20 O termo se refere as lógicas, sentidos e contextos externos ao momento da entrevista. Tudo aquilo que não será

explicado nas entrevistas. Um exemplo disso são as citações das siglas e nomes de premiações internacionais da música, como VMA, AMA, Grammy e etc. que eram necessários para compreender os sentidos dos relatos nas entrevistas, sem que o entrevistado precisasse aprofundar sobre o tema. Afinal, eles pressupunham que eu sabia todas as siglas mencionadas.

Fase 2 Iniciação: a(o) entrevistador(a) elabora um tópico para garantir interesse do informante, ao ponto que a(o) entrevistado(a) se interesse com a entrevista afim de narrar informações válidas. Esse tópico necessita incentivar a(o) entrevistado(a) a contar sua história de vida.

Fase 3 Narração Central: a(o) entrevistador(a) deve deixar a(o) entrevistado(a) narrar uma história sem realizar comentários ou perguntas, sem porquês, apenas demonstrar incentivo a continuidade da fala do narrador. Esperar o momento de encerrar que será dado pelo narrador, indagar se de fato não gostaria de falar mais nada.

Fase 4 Questionamentos: a(o) pesquisador(a) deve fazer com que as perguntas exmanentes se tornem imanentes, ou seja, aproximar o contexto pessoal da(o) narrador(a) com questões da pesquisa usando a linguagem do informante. Não usar “por quê?”. Não mostrar ou apontar contradições.

Fase 5 Conclusiva: a(o) pesquisador(a) deve encerrar a gravação e atentar para as falas finais da(o) entrevistado(a), apenas nesse momento é possível realizar os “porquês”.

A narração é o recontar de uma história permeado por simbolismos e significados, construído pelo narrado de maneira argumentativa. Para tanto, Bauer e Jovchelovicth (2002) sugerem uma separação entre uma ordem cronológica narrada e uma sequência episódica. Tal proposta se aproxima da sugestão de método. Como já indicado no título do seu artigo, as técnicas de tratamento dos dados coletados deveriam também seguir uma separação binária: uma narrada e uma vivenciada.

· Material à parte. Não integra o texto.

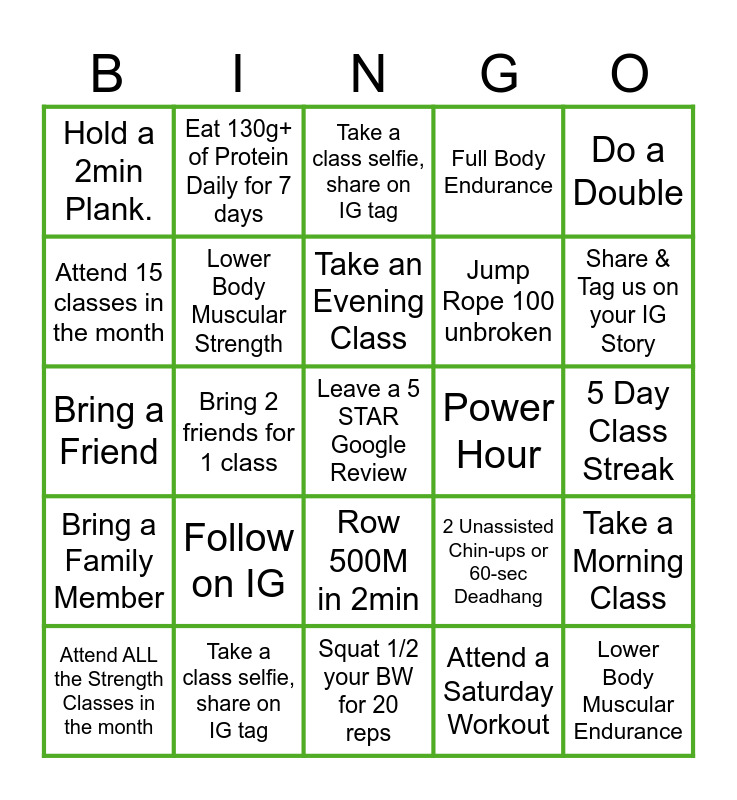 This bingo card has a free space and 32 words: Attend a Saturday Workout, Follow ALL the coaches on IG, Bring 2 friends for 1 class, "Like" us on Facebook, Bring a Family Member, Lower Body Muscular Strength, Do a Double, Take a Morning Class, Eat 130g+ of Protein Daily for 7 days, Upper Body Muscular Endurance, Take an Evening Class, Take a class selfie, share on IG tag, Bring a Friends, Full Body Endurance, Power Hour, Hold a 2min Wallsit, Attend ALL the Strength Classes in the month, Bring a Friend, Row 500M in 2min, Follow on IG, 2 Unassisted Chin-ups or 60-sec Deadhang, Lower Body Muscular Endurance, 5 Day Class Streak, Take a class selfie, share on IG tag, Lower Body Muscular Endurance, Full Body Endurance, Jump Rope 100 unbroken, Attend 15 classes in the month, Hold a 2min Plank., Squat 1/2 your BW for 20 reps, Upper Body Muscular Strength and Share & Tag us on your IG Story.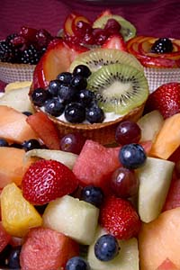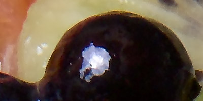 In this crop, you can see some of what's going on with the noise-suppression algorithm. In areas of low local contrast, the image appears very smooth, really artificially so. When you come to an edge between two contrasting objects though, things get a lot more crisp, as well as more noisy. - Note the band of increased image noise immediately adjacent to the boundary between the blueberry and kiwi fruit. |

Dessa maneira, os caminhos para uma análise consistente precisam ser categorizados a partir de duas perspectivas: 1 - História narrada: o pesquisador deve realizar uma apresentação de significados tidos quando o narrador olha para o passado; é importante lembrar que esse passado é construído no presente e que a significância simbólica e as comparações são construídas, de modo contínuo, na consciência do entrevistado; 2-Historia vivenciada: o pesquisador deve elaborar uma ordem cronológica, com sequência objetivas e relatando contextos históricos relevantes para a pesquisa de acordo com a vida do entrevistado e de fatos

históricos externos. No caso da presente pesquisa, elenquei fases das carreiras artísticas das cantoras.

Partindo das reflexões de George Mead (1969) sobre a relação do passado versus presente, Rosenthal (ibid.) propõe algo além do pensamento do passado pelo presente: “As perguntas dirigidas ao passado não se desenvolvem só no contexto atual do ato de perguntar, mas por sua vez, também surgiram a partir do passado” (Rosenthal, 2014, p. 229). O passado contraposto com o presente, no ato da pergunta, é um passado novo, se torna um passado diferente. Perceber o passado durante o presente permite que o narrador avalie e resignifique suas experiências do passado. Trata-se de um processo de recordação em que o fato ocorrido está sujeito “[...] de acordo com as condições e exigências do presente da situação recordada e do futuro antecipado, a uma modificação constante” (ibid.; p.229). Sendo assim, cada entrevistado recordará de momentos vividos que podem relacionar com sua identidade do que seria ser homossexual. O revistar do passado conseguiria criar laços de experiências passadas com a subjetividade percebida no presente.